▸ Items listed in a dataset:
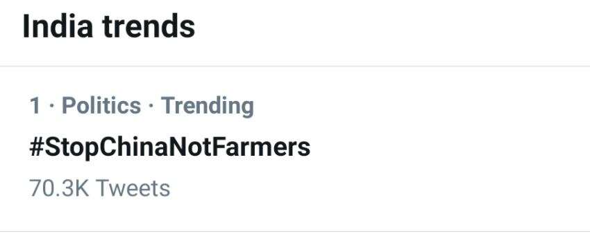 இந்திய அளவில் ட்ரெண்டாகும் #StopChinanotfarmers ஹேஷ்டேக்!
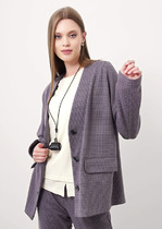 Жакет женский удлиненный, полуприлегающего силуэта с центральной бортовой застежкой на пуговицы до линии перегиба лацкана. Спереди рельефные швы от плечевого шва, отрезной бочок и карман с клапаном. Спинка с рельефами от плечевого шва. Рукав втачной, двухшовный, 3/4, с небольшим разрезом в локтевом шве. Воротник пиджачного типа. Перед жакета на подкладке. Длина рукава 50, длина по спинке 68 см.
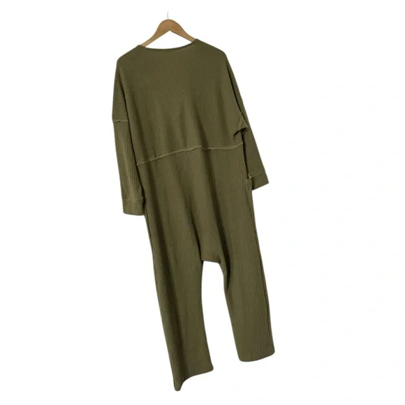 FREE PEOPLE intimately kickback romper jumpsuitIn khaki/greenWaffle/thermal material With cowlneck Relaxed, slouchy fit In excellent pre loved condition. No stains, holes or damagesSz SmallArmpit to armpit 24”Waist across 22”Inseam 23”
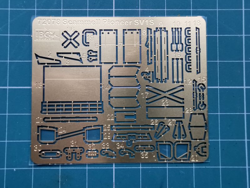 Uzupełniająca polistyrenowe elementy blaszka fototrawiona została zaprojektowana specjalnie na potrzeby tego zestawu i zawiera sporą ilość detali z uwzględnieniem różnic pomiędzy wersją wczesną i późną naszego pojazdu. Poza blaszką w zestawie znajdziemy także kliszę, z której wykonamy szyby w szoferce oraz kawałek linki do wciągarki.
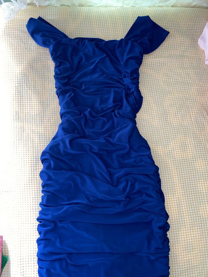 Drapeli, mavi midi boy, tek parça abiye elbise. Kayık yaka ve kolsuz tasarımıyla şık ve modern bir görünüm sunar.
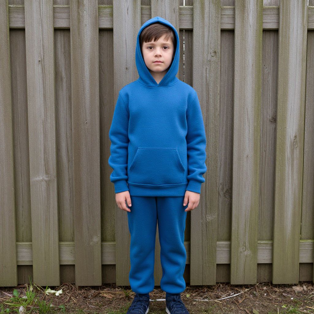 Photograph of a young boy with pale skin, dark brown hair, wearing a blue hooded sweatshirt and pants, standing in front of a gray
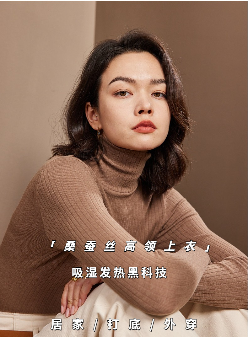 Lomen.DN新品秋衣美雅碧桑蚕丝发热高领薄款打底针织保暖内衣女士LTS2212
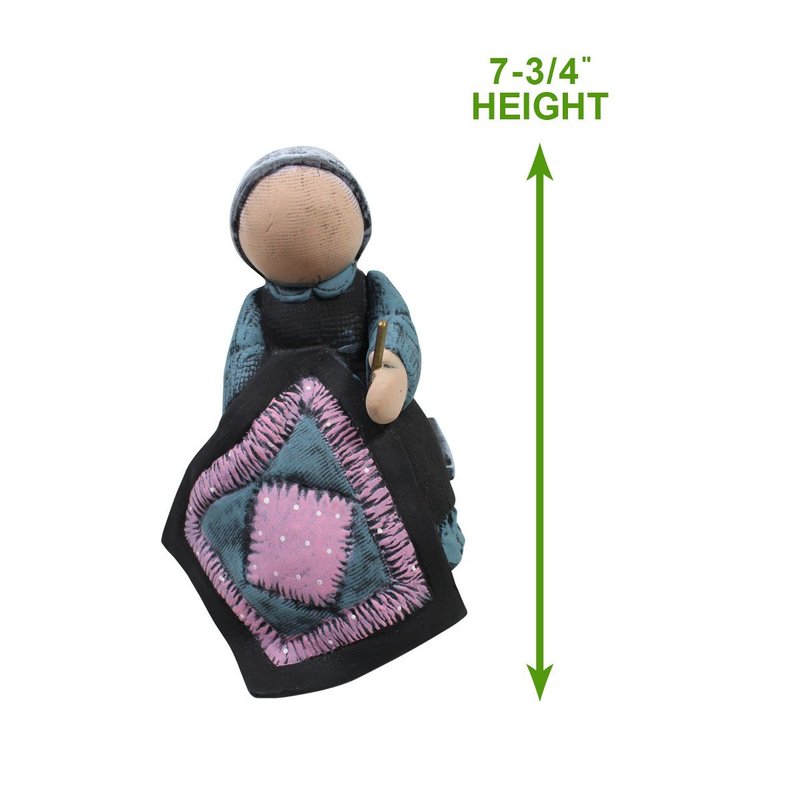 - Ceramic Figurine Amish Girl Quilter on Bench 7 3/4 in. H crafted in Maine
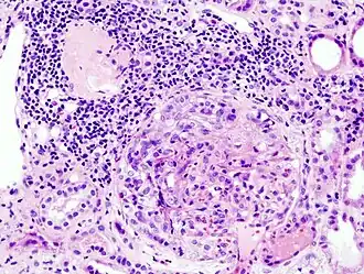 - Tipo II: Causada pela deposição de complexos imunes (complexo anticorpo-antígeno) representa 25% dos casos. Pode ser associado a Lúpus eritematoso sistémico (LES), glomerulonefrite pós-estreptocócica, púrpura de Henoch-Schönlein e nefropatia por IgA.
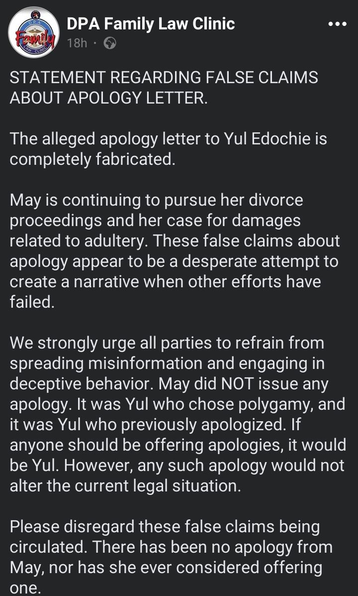 According to Ugwuonye, May is focused on pursuing her divorce and seeking damages for adultery.
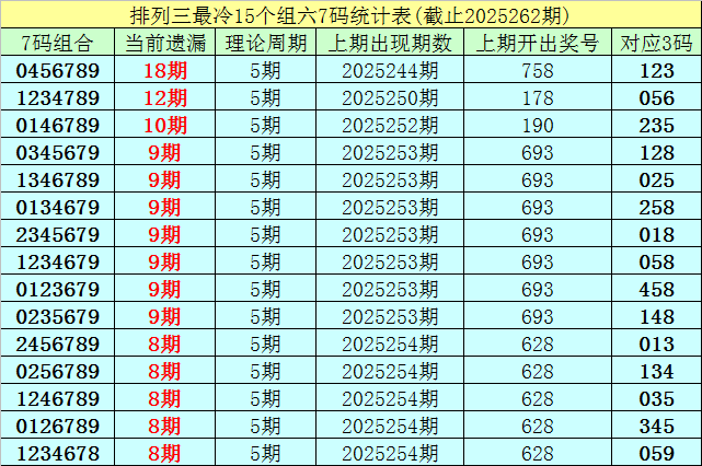 (1)在排列三已开出的7386期奖号中(统计截止第2025262期),目前7码组六遗漏值最大的组合为:0456789,本期遗漏18期;
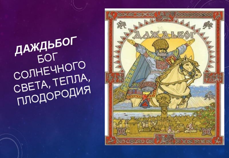 Слайд 16Даждьбог бог солнечного света, тепла, плодородия
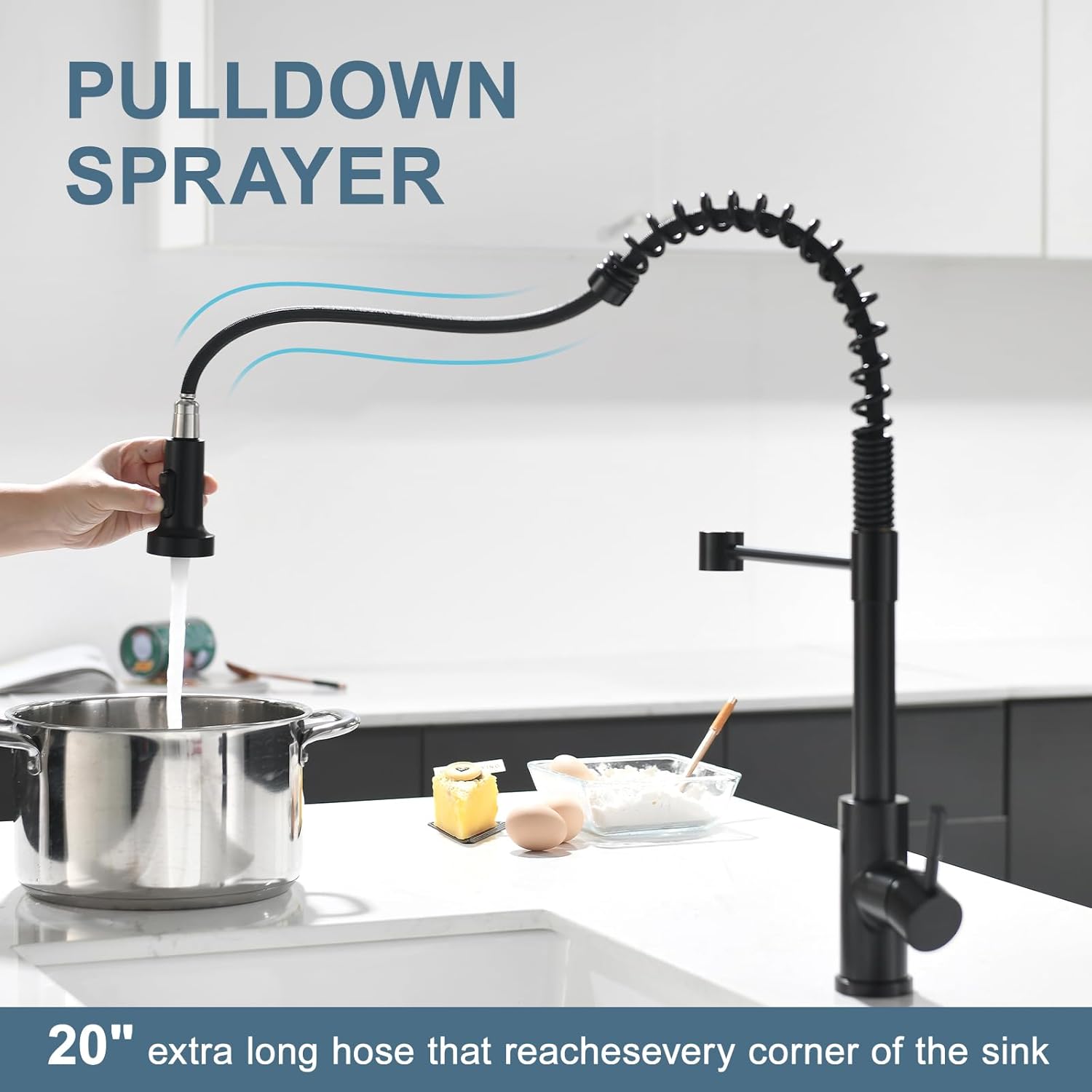 - Flexible to Operate: High arc 360 degree swivel spout for full sink access , pull down sprayer to avoid splashing. Single handle design, easy control of hot and cold water and flow volume
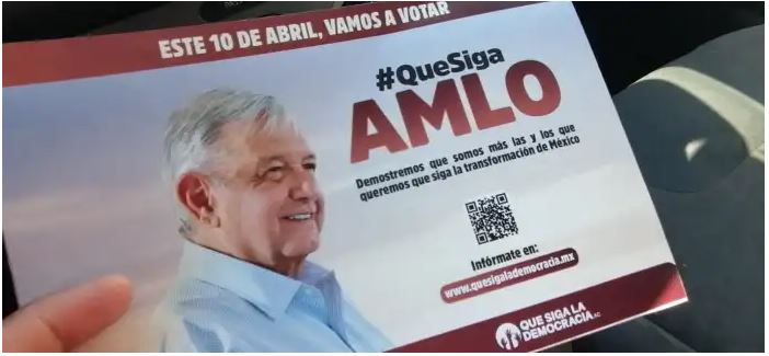 La técnica propagandística es la misma que utilizaron los promotores del presidente Andrés Manuel López Obrador antes de la consulta de revocación de mandato del pasado 10 de abril. La campaña referida tuvo como lema el siguiente: «Que siga AMLO».
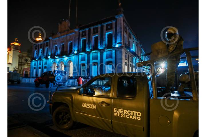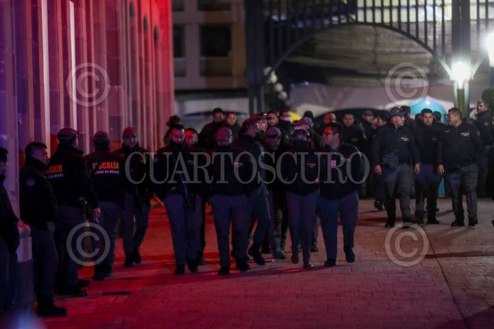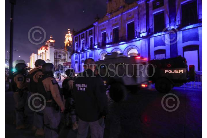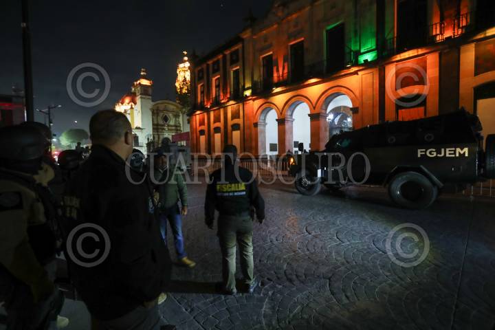 TOLUCA, ESTADO DE MÉXICO, 24NOVIEMBRE2023.- Elementos de la Fiscalía General de Justicia del Estado de México, Ejército y Guardia Nacional realizan un cateo al interior del Ayuntamiento de Toluca, así como en otros inmuebles en cumplimiento de una orden de aprehensión en contra del alcalde Raymundo Martínez Carbajal, por su presunta participación en el delito de secuestro exprés; en días pasados su ex esposa lo denuncia en redes sociales por diversos delitos. FOTO: CRISANTA ESPINOSA AGUILAR /CUARTOSCURO.COM
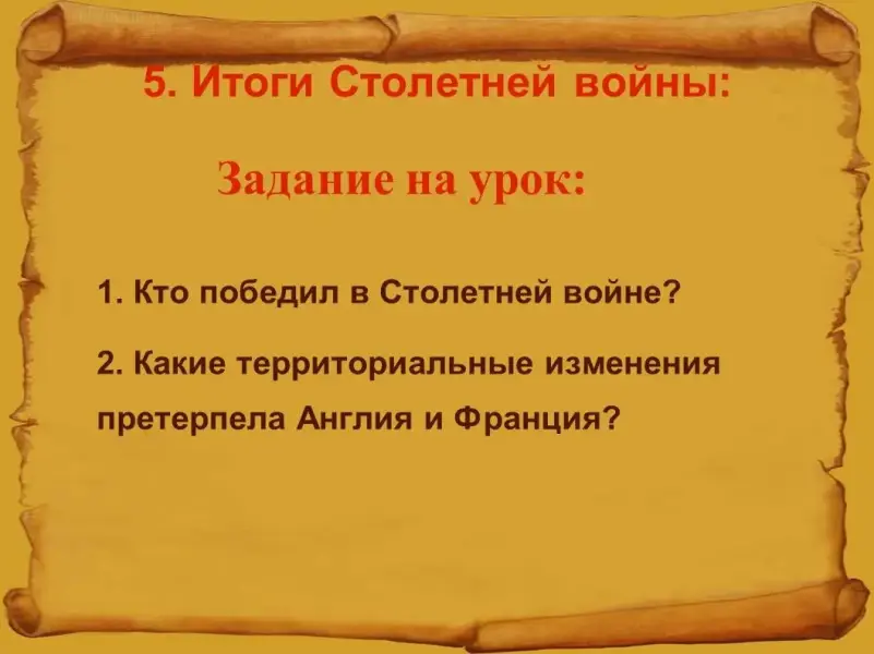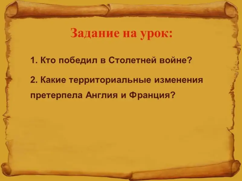 Задание на урок: В течение урока мы с Вами постараемся ответить на следующие вопросы: Кто победил в Столетней войне? Какие территориальные изменения претерпела Англия и Франция?
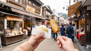 商店街は誘惑の食べ歩きロード!焼きたておまんじゅうと揚げかまぼこに悶絶
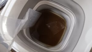 すると、ビニールの排水口を伝ってバケツにカビやほこりの黒い水が流れ込みました。
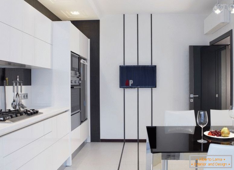 За създаване на специална атмосфера в дизайна, се използва коване. Подготвени са подходящи корнизи, лампи и маса, както и малка пейка по поръчка. Перфектно допълнена от оригиналната идея за избрания текстил - хармонията на велур и изкуствен лен. Рамката на Ikea, окачени гърнета и гардероби са станали красиви и удобни интериорни детайли. Елементи от керамични с глазура (вази с цветя, стомна, още един саксии на скрина, оригинални свещници във формата на риба, фоторамки със снимки на пътувания, на няколко морски отпечатъци) дадоха цялостния дизайн на пълнота.
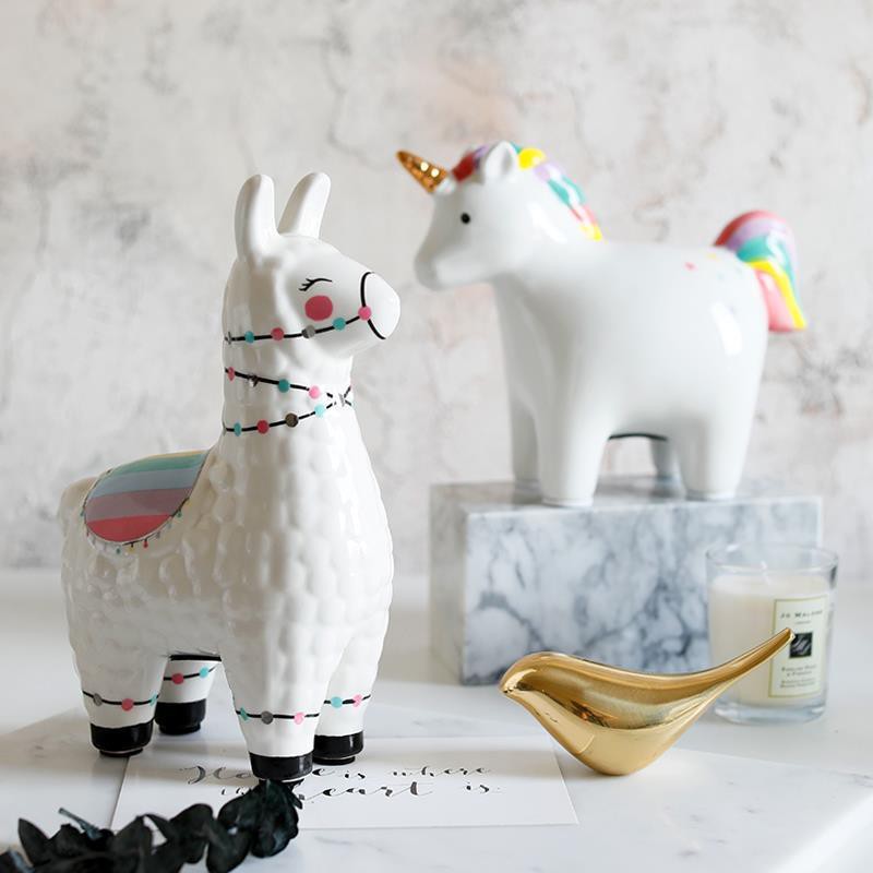 Nordic Ceramic Unicorn Piggy Bank Cartoon Animal Coin Bank Money
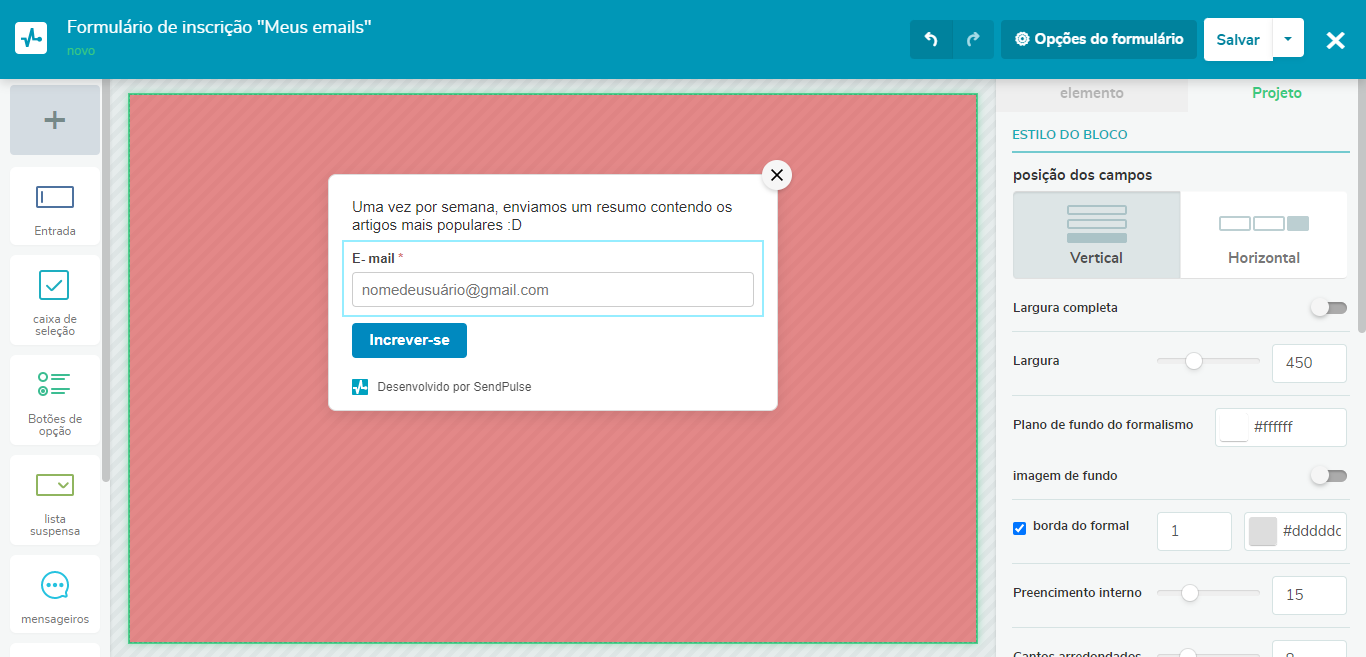 A criação de um formulário de assinatura não levará mais de 30 minutos com o Construtor de formulários de assinatura SendPulse. Você só precisa arrastar e soltar os elementos necessários para o seu formulário e desenhá-los ao seu gosto.
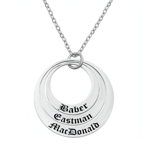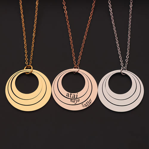 Celebrate your family, friends, or special bonds with our Custom Engraved Three-Name Necklace. This personalized triple-ring name necklace is designed to showcase your unique connections. With a sleek and modern design, it allows you to engrave up to three names or meaningful words, making it the perfect sentimental keepsake for yourself or a loved one.

▸ TASK BRIEF: Set down again, exactly, every line above from the one with "FREE PEOPLE intimately" down to the one with "Drapeli, mavi midi", both ends included. No pictures, and nothing else.

▸ OUTPUT OF THE TASK:
 FREE PEOPLE intimately kickback romper jumpsuitIn khaki/greenWaffle/thermal material With cowlneck Relaxed, slouchy fit In excellent pre loved condition. No stains, holes or damagesSz SmallArmpit to armpit 24”Waist across 22”Inseam 23”
 Uzupełniająca polistyrenowe elementy blaszka fototrawiona została zaprojektowana specjalnie na potrzeby tego zestawu i zawiera sporą ilość detali z uwzględnieniem różnic pomiędzy wersją wczesną i późną naszego pojazdu. Poza blaszką w zestawie znajdziemy także kliszę, z której wykonamy szyby w szoferce oraz kawałek linki do wciągarki.
 Drapeli, mavi midi boy, tek parça abiye elbise. Kayık yaka ve kolsuz tasarımıyla şık ve modern bir görünüm sunar.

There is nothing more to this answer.